PROBLEM TO SOLVE: Across the whole listing, return each line exactly, with no images included.

■ ■ ■ ■ ■ ■ ■

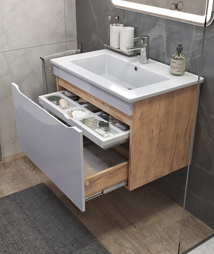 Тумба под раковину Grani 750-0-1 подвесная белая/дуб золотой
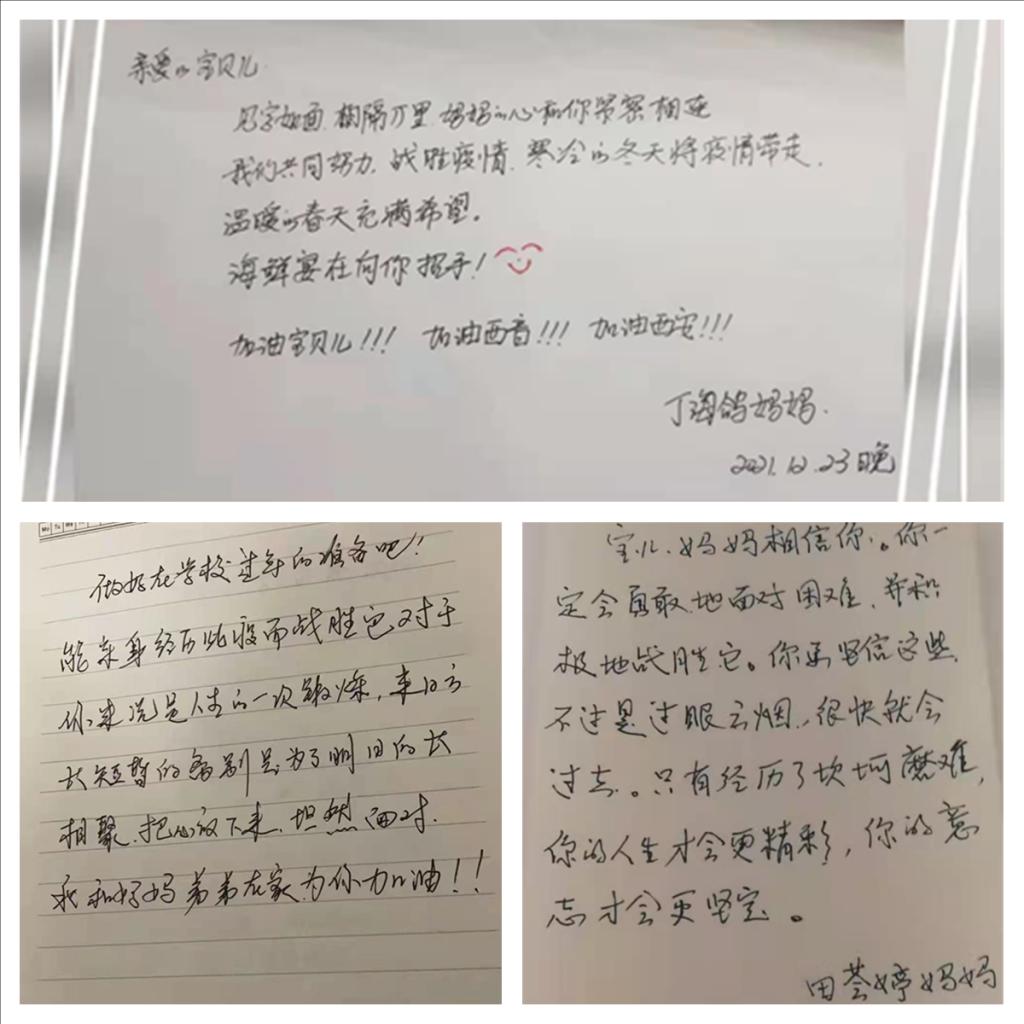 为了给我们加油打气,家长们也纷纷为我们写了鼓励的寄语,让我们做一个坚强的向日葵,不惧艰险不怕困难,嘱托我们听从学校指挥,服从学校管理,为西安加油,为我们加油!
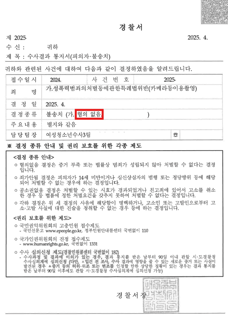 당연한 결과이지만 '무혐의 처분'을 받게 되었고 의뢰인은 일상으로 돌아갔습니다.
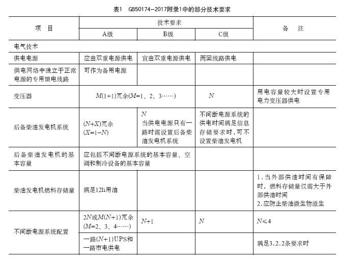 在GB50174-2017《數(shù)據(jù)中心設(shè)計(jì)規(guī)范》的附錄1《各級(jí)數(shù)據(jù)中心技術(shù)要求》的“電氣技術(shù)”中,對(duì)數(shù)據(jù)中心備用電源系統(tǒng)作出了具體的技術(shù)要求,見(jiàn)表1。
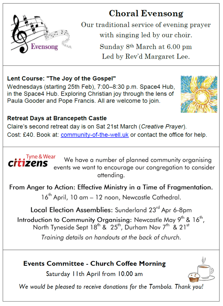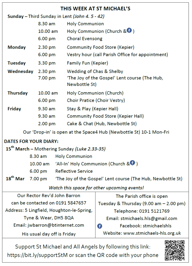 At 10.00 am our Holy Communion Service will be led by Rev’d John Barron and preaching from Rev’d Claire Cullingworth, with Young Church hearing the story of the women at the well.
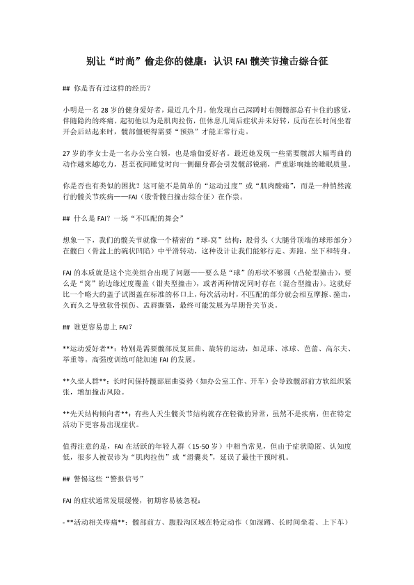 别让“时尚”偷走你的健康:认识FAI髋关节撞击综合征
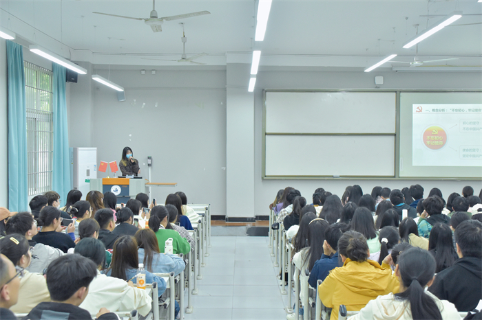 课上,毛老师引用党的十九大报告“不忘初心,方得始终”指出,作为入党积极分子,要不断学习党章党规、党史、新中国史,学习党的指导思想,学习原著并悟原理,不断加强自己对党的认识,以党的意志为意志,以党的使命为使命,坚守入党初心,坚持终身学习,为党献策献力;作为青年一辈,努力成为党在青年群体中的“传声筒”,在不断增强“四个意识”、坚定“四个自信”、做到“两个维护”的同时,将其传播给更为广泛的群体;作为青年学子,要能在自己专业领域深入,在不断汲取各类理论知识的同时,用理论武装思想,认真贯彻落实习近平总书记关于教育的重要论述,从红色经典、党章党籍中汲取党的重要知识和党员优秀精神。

■ ■ ■ ■ ■ ■ ■

REPLY:
 Тумба под раковину Grani 750-0-1 подвесная белая/дуб золотой
 为了给我们加油打气,家长们也纷纷为我们写了鼓励的寄语,让我们做一个坚强的向日葵,不惧艰险不怕困难,嘱托我们听从学校指挥,服从学校管理,为西安加油,为我们加油!
 당연한 결과이지만 '무혐의 처분'을 받게 되었고 의뢰인은 일상으로 돌아갔습니다.
 在GB50174-2017《數(shù)據(jù)中心設(shè)計(jì)規(guī)范》的附錄1《各級(jí)數(shù)據(jù)中心技術(shù)要求》的“電氣技術(shù)”中,對(duì)數(shù)據(jù)中心備用電源系統(tǒng)作出了具體的技術(shù)要求,見(jiàn)表1。
 At 10.00 am our Holy Communion Service will be led by Rev’d John Barron and preaching from Rev’d Claire Cullingworth, with Young Church hearing the story of the women at the well.
 别让“时尚”偷走你的健康:认识FAI髋关节撞击综合征
 课上,毛老师引用党的十九大报告“不忘初心,方得始终”指出,作为入党积极分子,要不断学习党章党规、党史、新中国史,学习党的指导思想,学习原著并悟原理,不断加强自己对党的认识,以党的意志为意志,以党的使命为使命,坚守入党初心,坚持终身学习,为党献策献力;作为青年一辈,努力成为党在青年群体中的“传声筒”,在不断增强“四个意识”、坚定“四个自信”、做到“两个维护”的同时,将其传播给更为广泛的群体;作为青年学子,要能在自己专业领域深入,在不断汲取各类理论知识的同时,用理论武装思想,认真贯彻落实习近平总书记关于教育的重要论述,从红色经典、党章党籍中汲取党的重要知识和党员优秀精神。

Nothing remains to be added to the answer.